Posted by Jim on February 10, 2018


As he prepares to hand over the reins to Mary Lou McDonald, Sinn Fein
president Gerry Adams has been giving interviews and facing a welter of
last-minute criticism from of his political opponents.

He says his legacy is not an issue which he has concerned himself with,
because he believes he did the best he could.

“I don’t mind. If I thought about it very deeply those people who
detest me will continue to detest me. Those people who admire me will
continue to admire me.

“All I did in the course of the job, I was doing my best. And I think
that is all we can do. I am satisfied I have done my best,” he said.

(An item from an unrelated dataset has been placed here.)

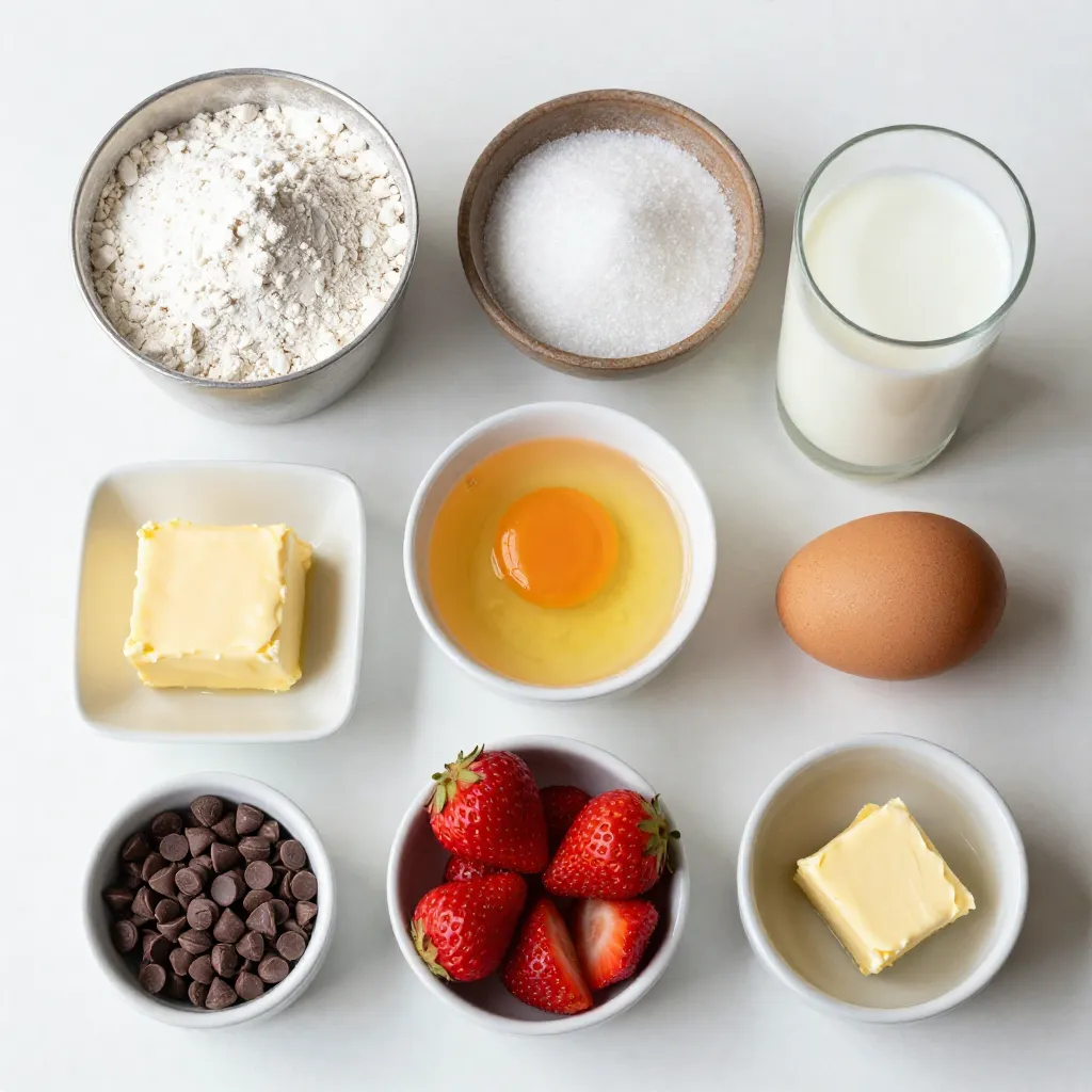 Finally, you will need extra butter or oil for cooking. This will help keep your pancakes from sticking to the pan. With all these ingredients ready, youβre set to make some delicious strawberry chocolate chip pancakes!

Much of the media commentary has been speculation about Mr Adams
involvement with the IRA, something he has always denied.

Mr Adams said he first began peace efforts with Catholic priest Father
Alec Reid as far back as 1976 and 1977, several years before he became
the leader of Sinn Fein.

But it was not until 1988 that Fr Reid mediated Mr Adams’ dialogue with
the then SDLP leader John Hume, which led to the IRA ceasefire six
years later.

Mr Adams has said he regrets that it took until 1994 for the first IRA
ceasefire, but accused others of hiding behind a “subterfuge” of moral
denunciations to avoid dialogue.

“I regret the fact anyone was killed, particularly those who were
killed by the IRA. Of course I do,” he said. “All victims deserve the
truth and justice and their families deserve that.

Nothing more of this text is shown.